IV. The Scope of a MFN Clause in a Particular Case: This section develops a framework for interpretation, emphasizing the importance of treaty wording, the ejusdem generis principle as a filter, and the critical distinction between removing procedural obstacles versus the creation of jurisdiction through state consent.
V. Conclusion: The concluding chapter summarizes the proposed systematic approach, suggesting that while broad MFN clauses should generally be assumed to cover procedural rights, they cannot be used to override the fundamental requirement of state consent to arbitration.
Most-Favoured-Nation Clause, MFN, Bilateral Investment Treaty, BIT, Investment Arbitration, ICSID, Dispute Settlement, Procedural Rights, Substantive Rights, Treaty Interpretation, State Consent, Ejusdem Generis, Investment Protection, Maffezini Decision, Treaty Shopping
The book investigates whether Most-Favoured-Nation (MFN) clauses in Bilateral Investment Treaties allow investors to bypass the specific dispute settlement procedures defined in their basic treaty in order to adopt more favorable procedural rules found in other treaties.
Central themes include the scope of MFN clauses, the tension between substantive and procedural treaty rights, the principles of treaty interpretation under the Vienna Convention, and the necessity of state consent for international arbitration.
The goal is to move beyond the current confusion caused by inconsistent arbitral rulings and to develop a consistent, systematic framework for future tribunals to evaluate whether an MFN clause can legitimately import procedural rights.

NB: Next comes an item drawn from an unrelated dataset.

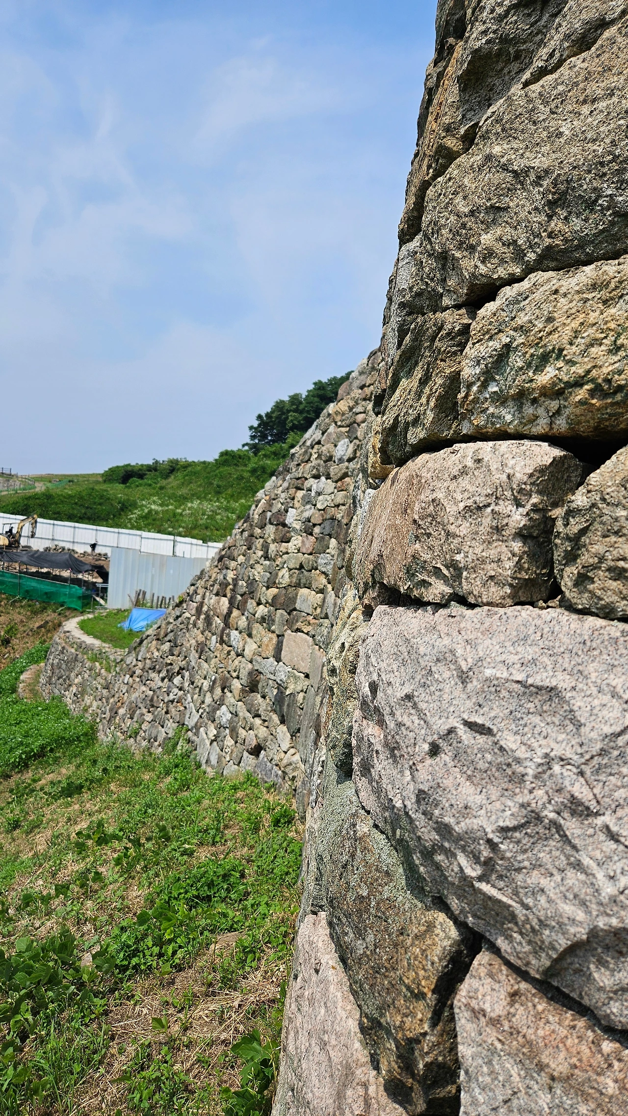예전 남문 위에 있었다는 진남루 누각은 볼 수 없고 돌로 쌓은 3미터쯤 높이의 성곽 사이로 덩그러니 출입문이 나있다. 복원공사가 한창인 성벽 쪽 가림막 뒤로 우회하여 시계방향으로 성곽을 한 바퀴 돌아보기로 했다.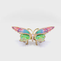 A jeweled fluttering butterfly to alight a tabletop anywhere in your home! Lifted on delicate metal legs, the Madame butterfly’s wings are beautifully hand-painted in shades of blue enamel with hand-set European crystals in shades of blue. Plated in 14K gold and detailed with a jeweler’s attention to crystal stone setting, including large faceted oval blue crystals.

The author employs a comparative legal analysis, contrasting the arguments and reasonings of various ICSID tribunal decisions to identify patterns, logical inconsistencies, and the evolution of legal thought on the application of MFN clauses.

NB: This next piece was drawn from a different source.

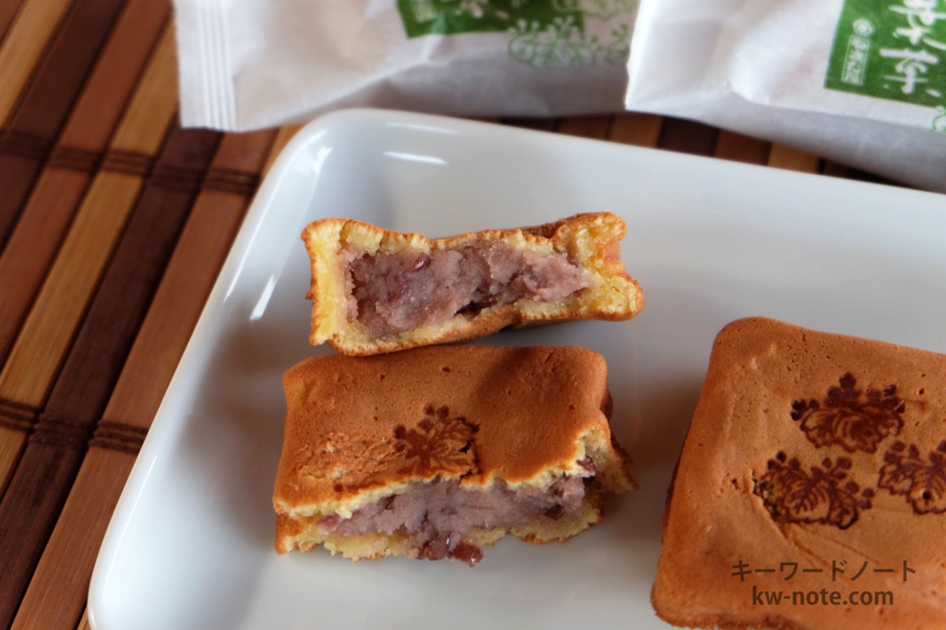 米粉を使ったモチっとした生地が特徴で、中は上品な甘さのつぶあんとこしあんをブレンドした合わせ餡が入っています。

It covers a detailed analysis of landmark cases such as Maffezini, Siemens, and Plama, evaluates the utility of the ejusdem generis principle, and establishes the limits of MFN clauses, particularly regarding the requirement for explicit state consent to arbitration.
Key terms include MFN clause, investment arbitration, treaty interpretation, dispute settlement, procedural rights, and state consent.
The author argues that while an MFN clause can remove "procedural obstacles" (like waiting periods) in a treaty where consent to arbitration already exists, it cannot be used to "create jurisdiction" (importing consent) where the host state has never explicitly agreed to arbitrate a specific type of dispute or forum.
The author contends that both substantive and procedural rights complement each other; a high level of substantive protection is effectively worthless if the investor is forced to pursue claims in a biased or ineffective domestic judicial system of the host state.